> Task input:
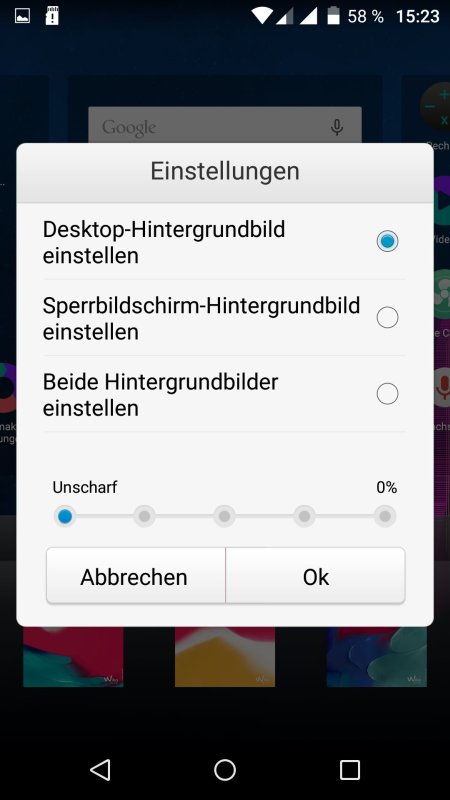 Was jedoch umfangreich ausgebaut wurde ist der Homescreen Launcher. Zum einen fehlt diesem der sonst Android-typische App Drawer – Wiko orientiert sich in diesem Punkt wie etliche Konkurrenten aus China ebenfalls an iOS – und zum anderen bietet er einige Möglichkeiten zur optischen Anpassung. Erwähnenswert sei an dieser Stelle, dass man ein beliebiges Hintergrundbild auf dem Wiko FEVER 4G mit einem Blur-Effekt in fünf Abstufungen versehen kann.
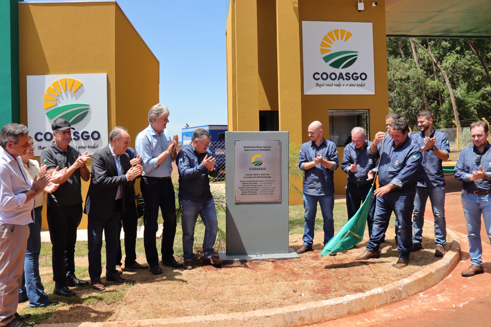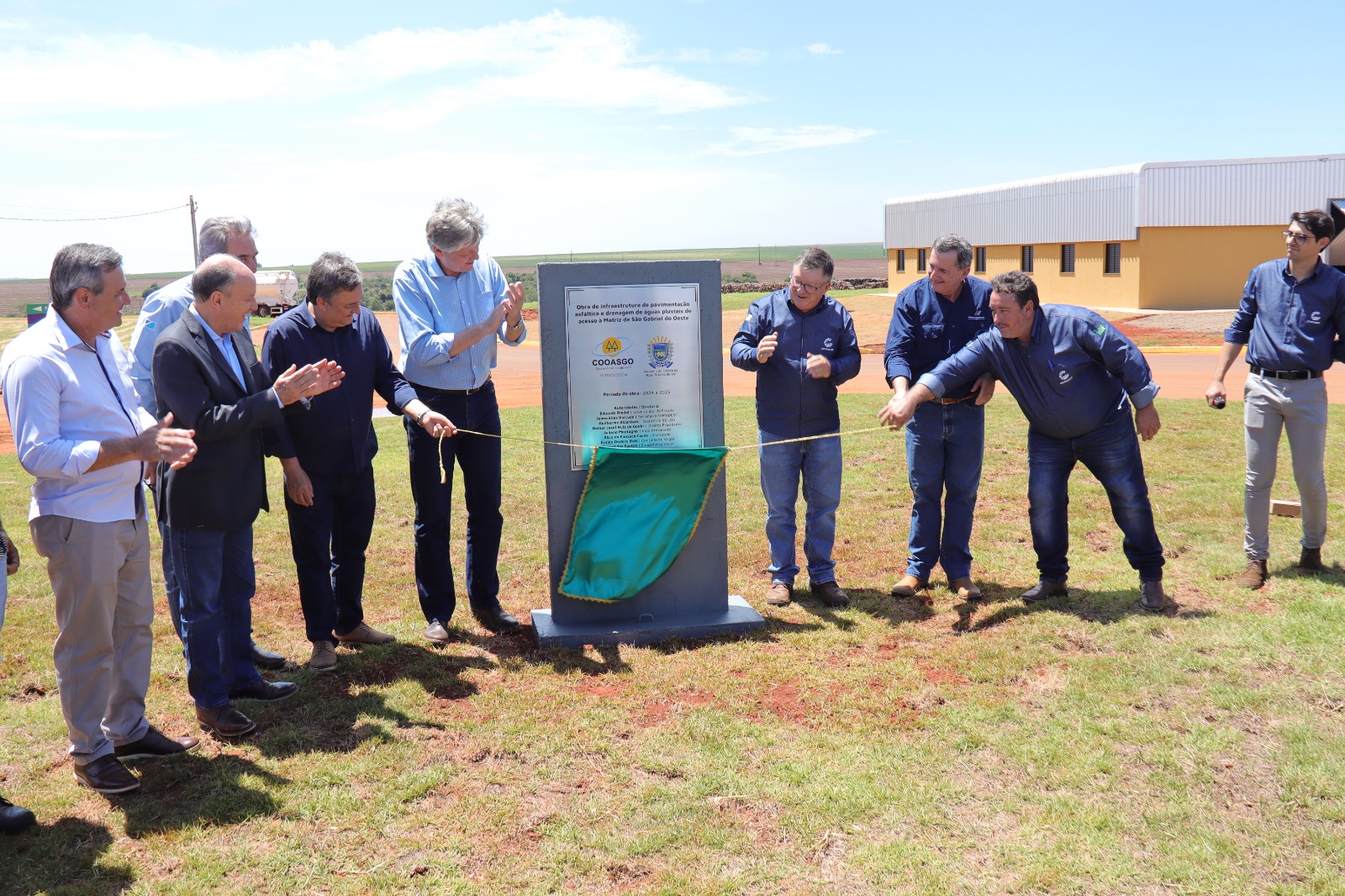• A Cooasgo (Cooperativa Agropecuária de São Gabriel do Oeste) inaugurou na manhã dessa quinta-feira o acesso operacional e amplo pátio de estacionamento para carga e descarga de sua nova fábrica de rações, ato que marcou ainda o 33º aniversário de fundação do empreendimento. O secretário de Meio Ambiente, Desenvolvimento, Ciência, Tecnologia e Inovação (Semadesc), Jaime Verruck, representou o Governo do Estado no evento e descerrou as placas inaugurais ao lado do presidente da Cooasgo, Rainer Josef De Goehr e demais diretores da empresa e autoridades convidadas.
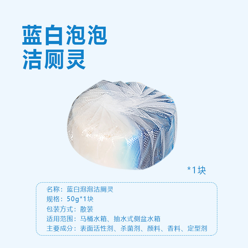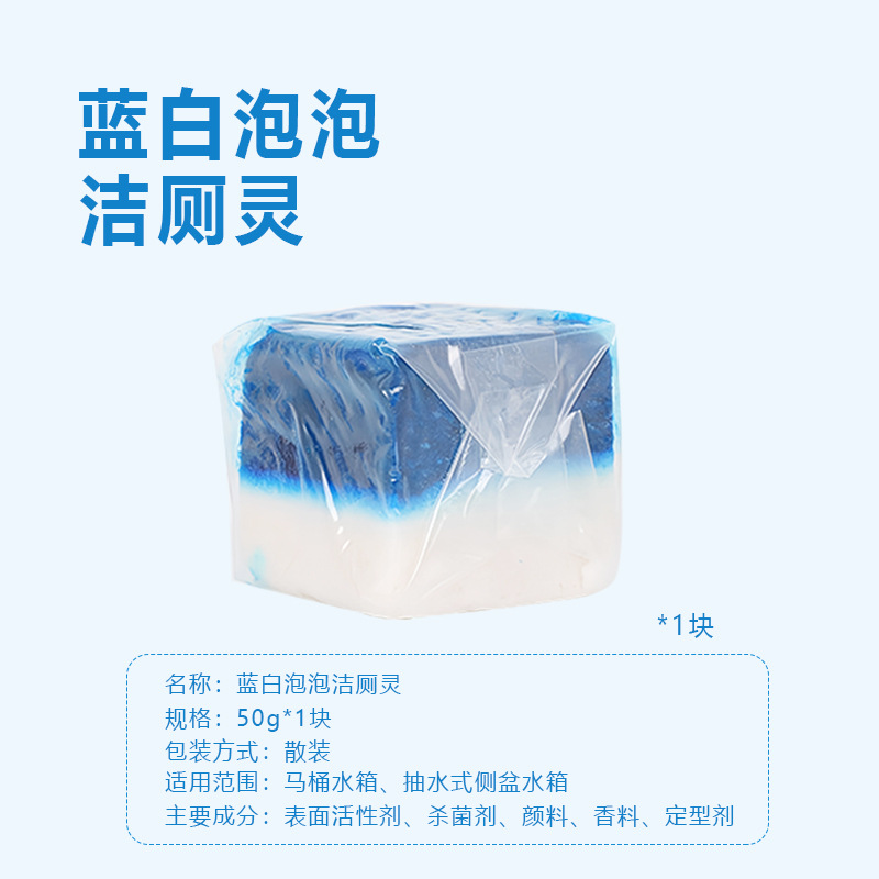• 정사각형 2색 파란색 버블 변기 세척제 1개
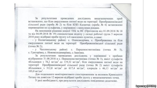 Как следует из ответа на запрос Крым.Реалии, пробы показали, что возле скважины питьевой воды на территории Преображенского сельского совета и возле пункта пропуска «Каланчак» содержание сульфатов в грунте превышено по сравнению с прошлыми годами.
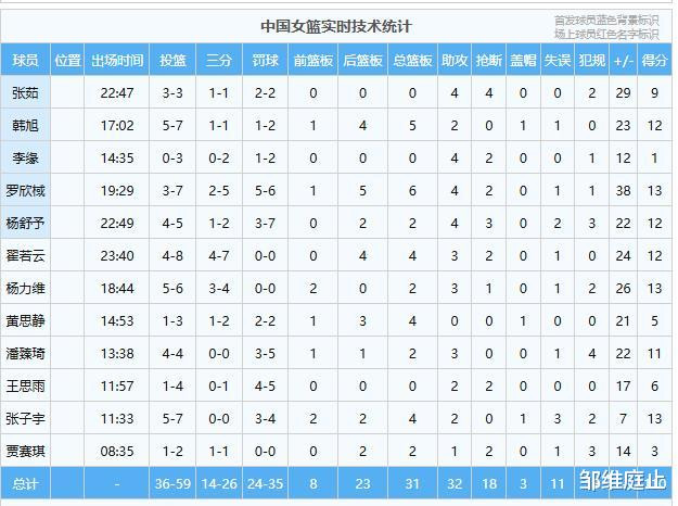 半场数据:翟若云9分2板1助2断、张子宇7分3板1助、韩旭7分2板2助、黄思静5分4板、潘臻琦4分2板、张茹4分1助3断、杨力维4分1助、罗欣棫3分4板4助、杨舒予3分1板1助、王思雨3分1助、贾赛琪2板、李缘2助
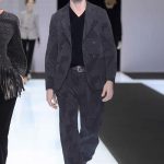 Thus, he ordered up black velvet bolts by the bushel and got to work. He made a bold case for the validity of velvet by day, most often in pants matched to pale tweed jackets, though he also showed snappy men’s wear-inspired suitings in taupe tweeds with just a touch of the soft stuff, on jacket pocket flaps. Perhaps because the fabric was the collection’s unifier, Armani felt free to diversify his silhouettes. His jackets ranged from loose and swingy to sleekly tailored, and pants, from classic trousers to a fluid shape cuffed at the ankle, to an experimental take: pants with colorful tweed tuxedo stripes running down the inner leg. Lest you wonder, these paired with matching jackets, the lineup’s strongest shot of color.

> Task requirements: Your answer must restate the entries word for word and contain no pictures.

> Output below:
 Was jedoch umfangreich ausgebaut wurde ist der Homescreen Launcher. Zum einen fehlt diesem der sonst Android-typische App Drawer – Wiko orientiert sich in diesem Punkt wie etliche Konkurrenten aus China ebenfalls an iOS – und zum anderen bietet er einige Möglichkeiten zur optischen Anpassung. Erwähnenswert sei an dieser Stelle, dass man ein beliebiges Hintergrundbild auf dem Wiko FEVER 4G mit einem Blur-Effekt in fünf Abstufungen versehen kann.
• A Cooasgo (Cooperativa Agropecuária de São Gabriel do Oeste) inaugurou na manhã dessa quinta-feira o acesso operacional e amplo pátio de estacionamento para carga e descarga de sua nova fábrica de rações, ato que marcou ainda o 33º aniversário de fundação do empreendimento. O secretário de Meio Ambiente, Desenvolvimento, Ciência, Tecnologia e Inovação (Semadesc), Jaime Verruck, representou o Governo do Estado no evento e descerrou as placas inaugurais ao lado do presidente da Cooasgo, Rainer Josef De Goehr e demais diretores da empresa e autoridades convidadas.
• 정사각형 2색 파란색 버블 변기 세척제 1개
 Как следует из ответа на запрос Крым.Реалии, пробы показали, что возле скважины питьевой воды на территории Преображенского сельского совета и возле пункта пропуска «Каланчак» содержание сульфатов в грунте превышено по сравнению с прошлыми годами.
 半场数据:翟若云9分2板1助2断、张子宇7分3板1助、韩旭7分2板2助、黄思静5分4板、潘臻琦4分2板、张茹4分1助3断、杨力维4分1助、罗欣棫3分4板4助、杨舒予3分1板1助、王思雨3分1助、贾赛琪2板、李缘2助
 Thus, he ordered up black velvet bolts by the bushel and got to work. He made a bold case for the validity of velvet by day, most often in pants matched to pale tweed jackets, though he also showed snappy men’s wear-inspired suitings in taupe tweeds with just a touch of the soft stuff, on jacket pocket flaps. Perhaps because the fabric was the collection’s unifier, Armani felt free to diversify his silhouettes. His jackets ranged from loose and swingy to sleekly tailored, and pants, from classic trousers to a fluid shape cuffed at the ankle, to an experimental take: pants with colorful tweed tuxedo stripes running down the inner leg. Lest you wonder, these paired with matching jackets, the lineup’s strongest shot of color.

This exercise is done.